The vertical axis of the pdf is in units of probability density, rather than just probability. For example, a pdf of 0.03 at 120.5 does not mean that the a voltage of 120.5 millivolts will occur 3% of the time. In fact, the probability of the continuous signal being exactly 120.5 millivolts is infinitesimally small. This is because there are an infinite number of possible values that the signal needs to divide its time between: 120.49997, 120.49998, 120.49999, etc. The chance that the signal happens to be exactly 120.50000⋅⋅⋅ is very remote indeed!
To calculate a probability, the probability density is multiplied by a range of values. For example, the probability that the signal, at any given instant, will be between the values of 120 and 121 is: (121 - 120) x 0.03 = 0.03. The probability that the signal will be between 120.4 and 120.5 is: (120.5 - 120.4) x 0.03 = 0.003, etc. If the pdf is not constant over the range of interest, the multiplication becomes the integral of the pdf over that range. In other words, the area under the pdf bounded by the specified values. Since the value of the signal must always be something, the total area under the pdf curve, the integral from -∞ to +∞, will always be equal to one. This is analogous to the sum of all of the pmf values being equal to one, and the sum of all of the histogram values being equal to N.
The histogram, pmf, and pdf are very similar concepts. Mathematicians always keep them straight, but you will frequently find them used interchangeably (and therefore, incorrectly) by many scientists and
engineers. Figure 2-6 shows three continuous waveforms and their pdfs. If these were discrete signals, signified by changing the horizontal axis labeling to "sample number", pmfs would be used.
A problem occurs in calculating the histogram when the number of levels each sample can take on is much larger than the number of samples in the signal. This is always true for signals represented in floating point notation, where each sample is stored as a fractional value. For example, integer representation might require the sample value to be 3 or 4, while floating point allows millions of possible fractional values between 3 and 4. The previously described approach for calculating the histogram involves counting the number of samples that have each of the possible quantization levels. This is not possible with floating point data because there are billions of possible levels that would have to be taken into account. Even worse, nearly all of these possible levels would have no samples that correspond to them. For example, imagine a 10,000 sample signal, with each sample having one billion possible values. The conventional histogram would consist of one billion data points, with all but about 10,000 of them having a value of zero.

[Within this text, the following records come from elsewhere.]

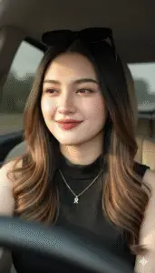 “Potret realistis ultra-detail seorang wanita cantik dengan wajah identik 100% sama persis seperti foto referensi terlampir, tanpa perubahan bentuk wajah sedikit pun. Dia berada di dalam mobil seolah menyetir mobilnya, dengan pencahayaan alami pafi hari yang hangat mengenai wajahnya dari arah samping, menghasilkan efek lembut dan alami. Rambut panjang hitam keemasan bergelombang lembut, berkilau alami di bawah sinar matahari. Kulit halus dengan rona pipi merah muda natural, bibir berwarna merah lembut matte. Mengenakan atasan tanpa lengan hitam elegan dan kalung liontin berbentuk Huruf R berwarna emas. Kacamata hitam diletakkan di atas kepala. Gaya foto close-up realistis dengan kedalaman bidang dangkal (bokeh lembut di latar belakang), pencahayaan natural daylight, resolusi sangat tinggi, warna kulit realistis, tampilan profesional seperti hasil kamera DSLR. Fokus utama pada ekspresi wajah yang tenang dan menawan.”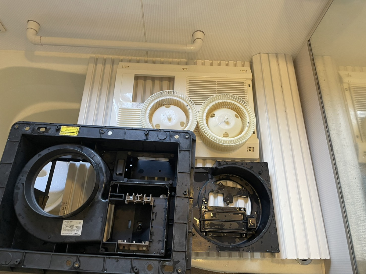 クリーニングでは天井から本体を取り外し、カバー・ファン・基盤周辺・ヒーター部分などを分解し、手の届かない内部までしっかり洗浄します。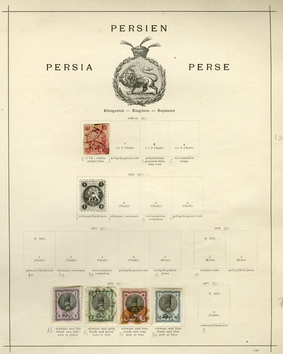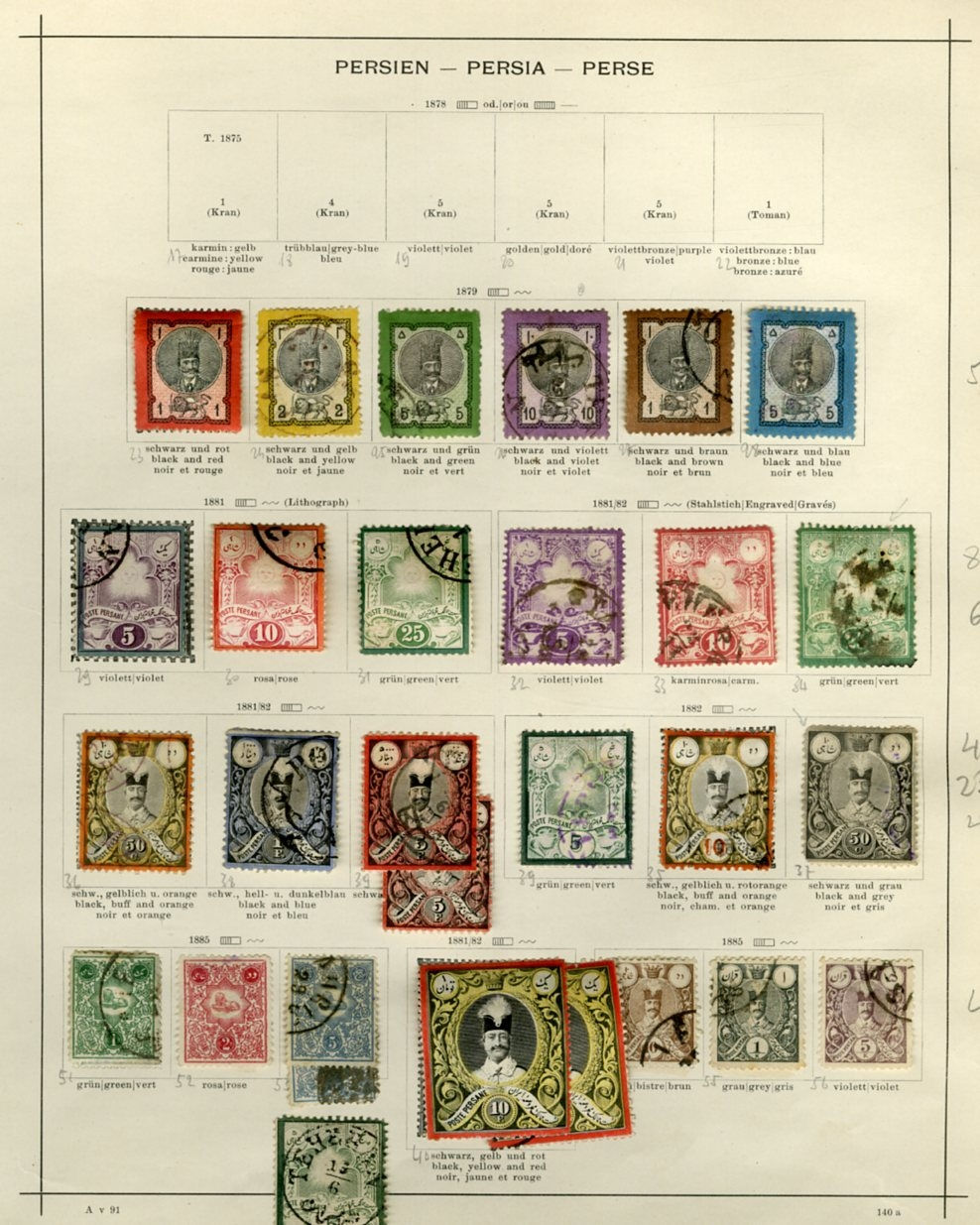 1140 O, og   imageIRAN 1868-1935 collection of hundreds, used and unused singles and sets on album pages, Regular Issues, commemoratives, Air Post, Parcel Post, many better items, some doubtful and reference items throughout, mostly fine or better (Image) (Image 2) (Image 3) (Image 4) (Image 5) (Image 6) (Image 7) (Image 8) (Image 9) (Image 10) (Image 11) (All Images)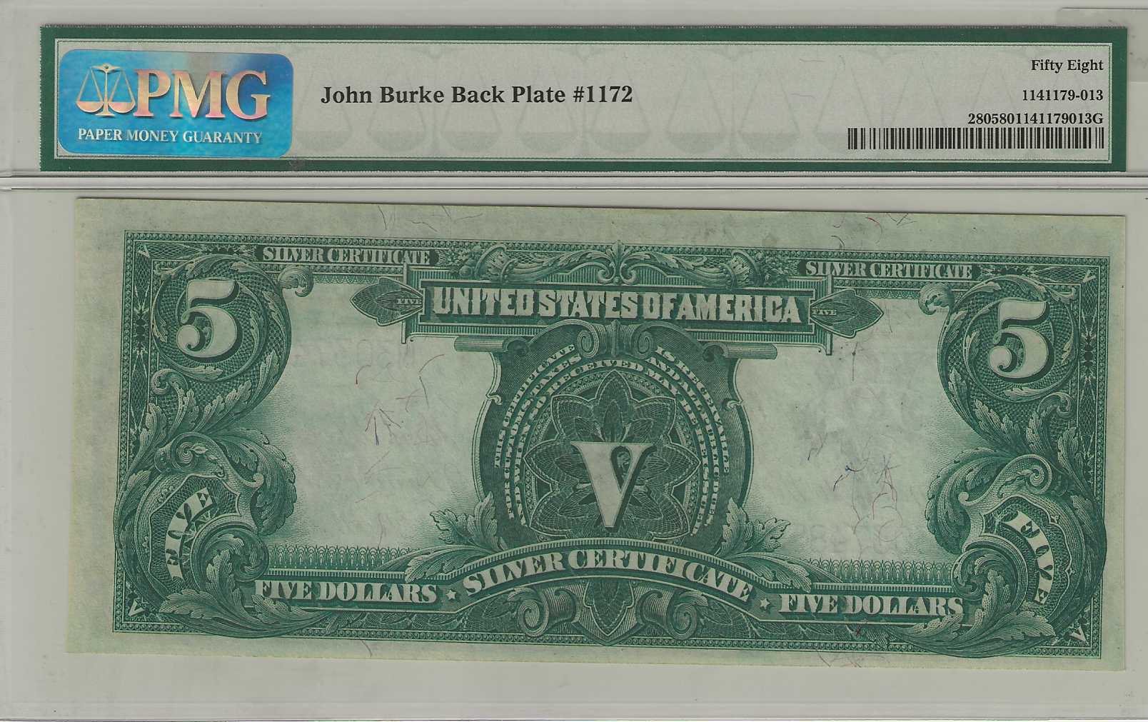 FR. 280 – 1899 $5 Silver Certificate PMG 58 CAU

The solution to these problems is a technique called binning. This is done by arbitrarily selecting the length of the histogram to be some convenient number, such as 1000 points, often called bins. The value of each bin represent the total number of samples in the signal that have a value within a certain range. For example, imagine a floating point signal that contains values from 0.0 to 10.0, and a histogram with 1000 bins. Bin 0 in the histogram is the number of samples in the signal with a value between 0 and 0.01, bin 1 is the number of samples with a value between 0.01 and 0.02, and so forth, up to bin 999 containing the number of samples with a value between 9.99 and 10.0. Table 2-4 presents a program for calculating a binned histogram in this manner.
How many bins should be used? This is a compromise between two problems. As shown in Fig. 2-7, too many bins makes it difficult to estimate the amplitude of the underlying pmf. This is because only a few samples fall into each bin, making the statistical noise very high. At the other extreme, too few of bins makes it difficult to estimate the underlying pmf in the horizontal direction. In other words, the number of bins controls a tradeoff between resolution in along the y-axis, and resolution along the x-axis.